The gene expression levels of ADAD1, DMRTC2, PRSS54, SYCE1, SYCP1, TEX101, TEX48, and TMPRSS12 in the HCT116 cell line treated with 100 nM TSA for 48 h are shown graphically as bar charts. As DMSO was used to dissolve the 5-aza-CdR solution, this was the treatment given to the HCT116 cells in the control group. To normalize the expression data, the mRNA expression level of the GAPDH housekeeping gene was used. Each gene has three independent qRT-PCR replicates, and the error bars show the standard error of the mean of the results. Statistical significance was assumed for all p values (*p ≤ 0.05, **p ≤ 0.01, ***p ≤ 0.001, and ****p ≤ 0.0001).
Fig 7.
qRT-PCR analyses of ADAD1, DMRTC2, PRSS54, SYCE1, SYCP1, TEX101, TEX48, and TMPRSS12 in the Caco-2 cell line treated with TSA.
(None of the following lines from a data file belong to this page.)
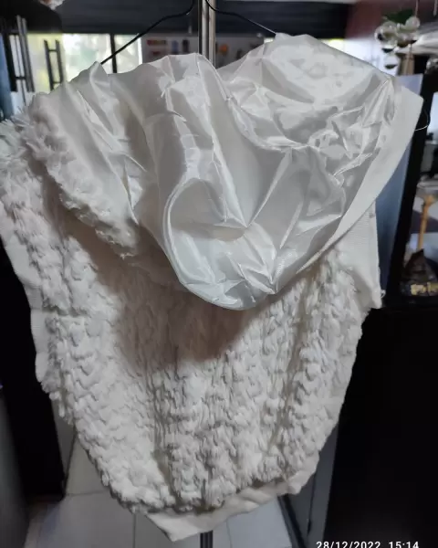 Preciosos chaleco blanco con gorro tipo peluche con lentejuelas, muy bonito es talla mediana. Listo para estrenar nuevisito con etiquetas y muy coqueto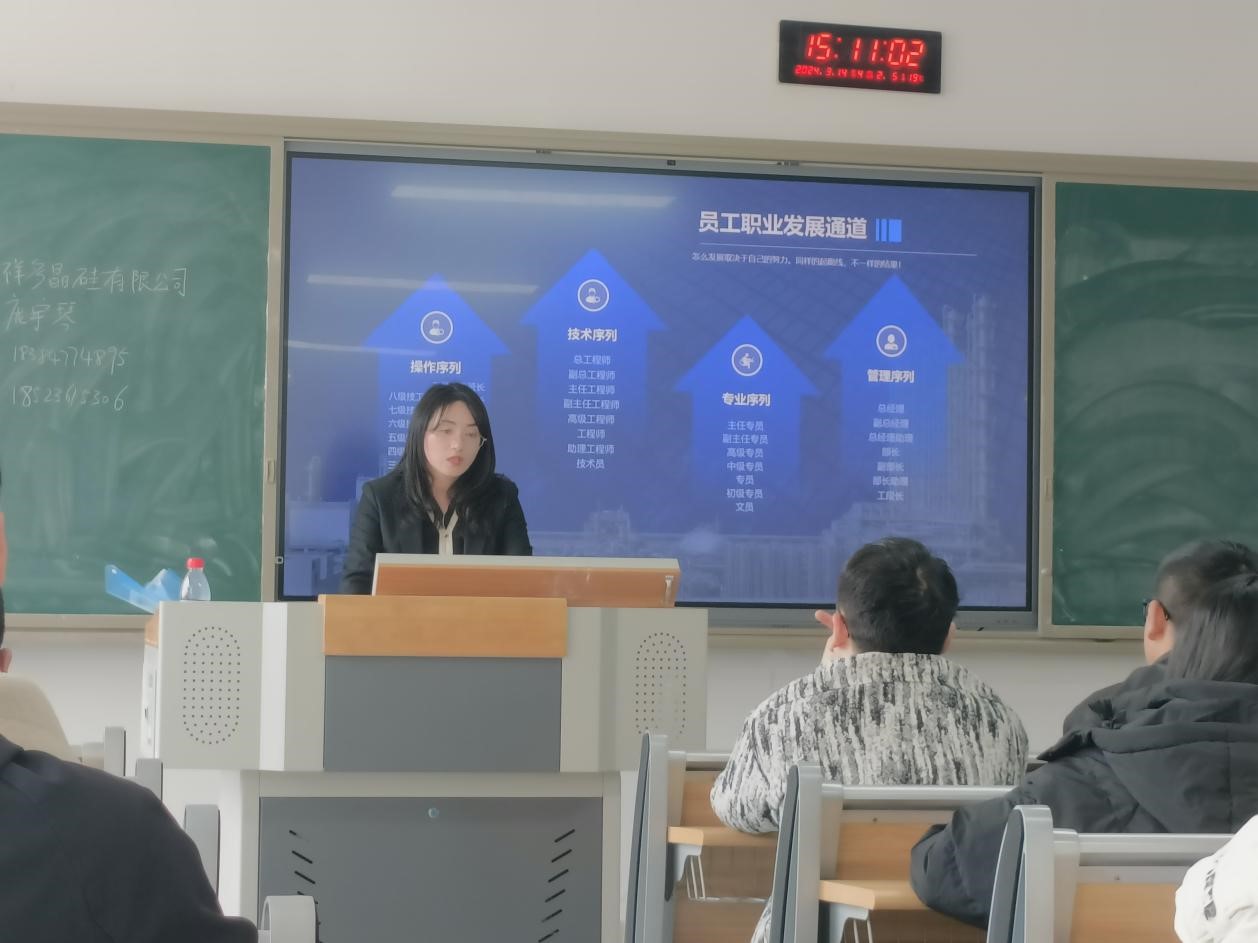招聘会伊始,招聘经理庞宇琴以视频的形式展示了高纯晶硅的生产过程,并结合PPT向毕业生们介绍了公司培养新人的成长路径图、公司的发展前景等。随后,招聘经理庞宇琴向毕业生们播放了该公司的“朝阳计划”集训视频,同学们热情高涨。此次招聘主要针对应用化学和化学工程与工艺专业。公司2019级优秀毕业生曾伟学长结合在该公司的成长经历为同学们答疑解惑,现场气氛和谐融洽。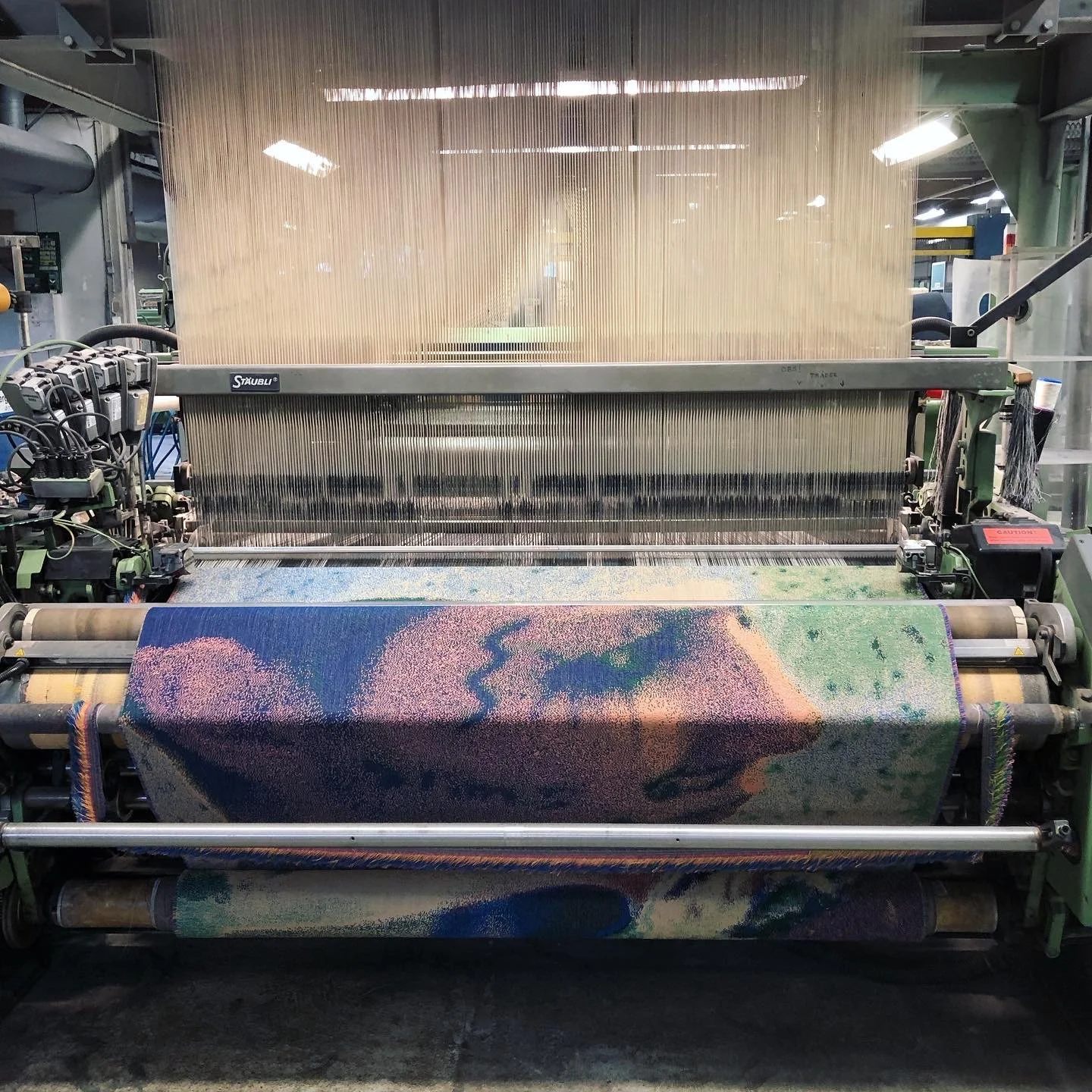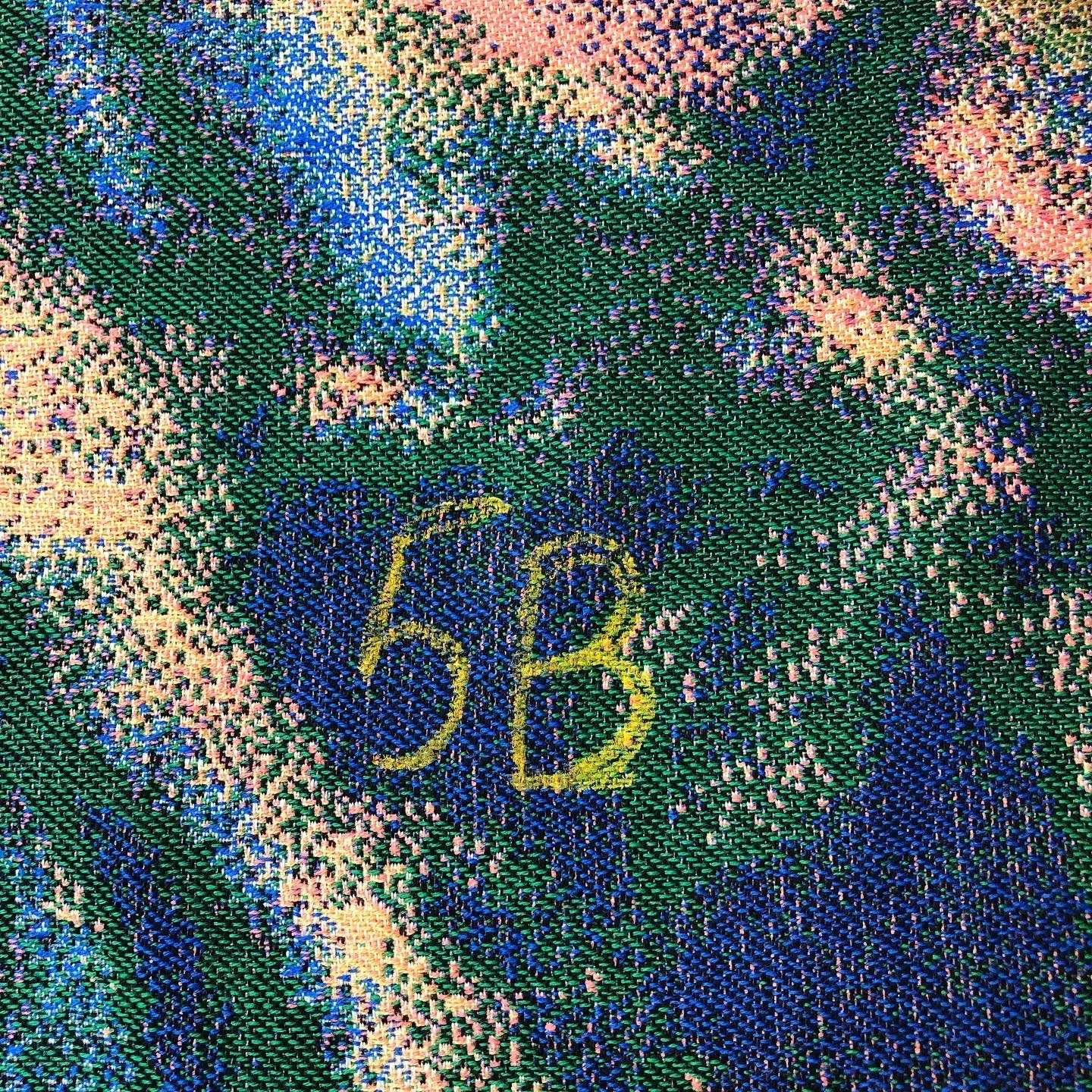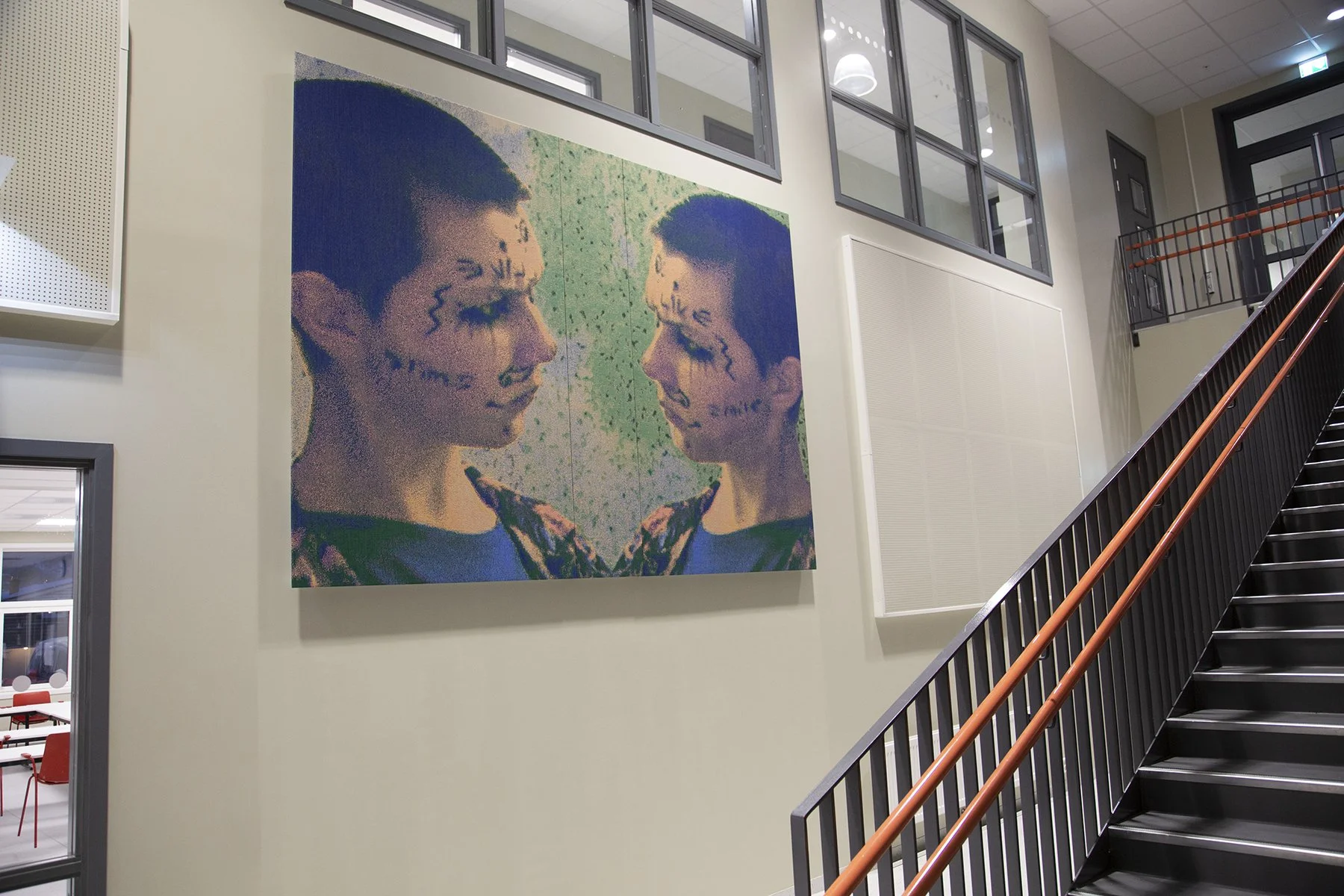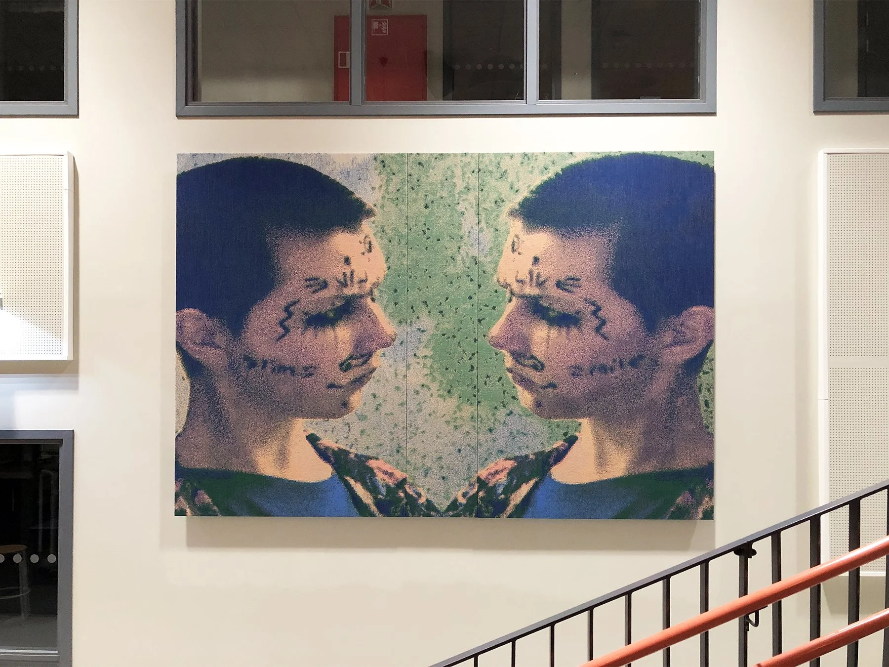 This is one of three works I made for Narvik School in 2021. “Twins” is a jacquard woven piece measuring 2,1x3m. The inspiration was a collection of selfies taken by my daughter that was 13 years old at the moment when images were taken. She painted her face in these tattoo-like brushes writing: “smile” and “live” on her cheeks. I made several sketches and worked on the composition and bindings of the colour fields. Technically, I had to take care of the wall's acoustic properties and find a clever way of joining the woven pieces together as the width of the woven surface was 1,5 for each panel. The artwork was installed in January 2022.

The gene expression levels of ADAD1, DMRTC2, PRSS54, SYCE1, SYCP1, TEX101, TEX48, and TMPRSS12 in the Caco-2 cell line treated with 100 nM TSA for 48 h are shown graphically as bar charts. As DMSO was used to dissolve the 5-aza-CdR solution, this was the treatment given to the Caco-2 cells in the control group. To normalize the expression data, the mRNA expression level of the GAPDH housekeeping gene was used. Each gene has three independent qRT-PCR replicates, and the error bars show the standard error of the mean of the results. Statistical significance was assumed for all p values (*p ≤ 0.05, **p ≤ 0.01, ***p ≤ 0.001, and ****p ≤ 0.0001).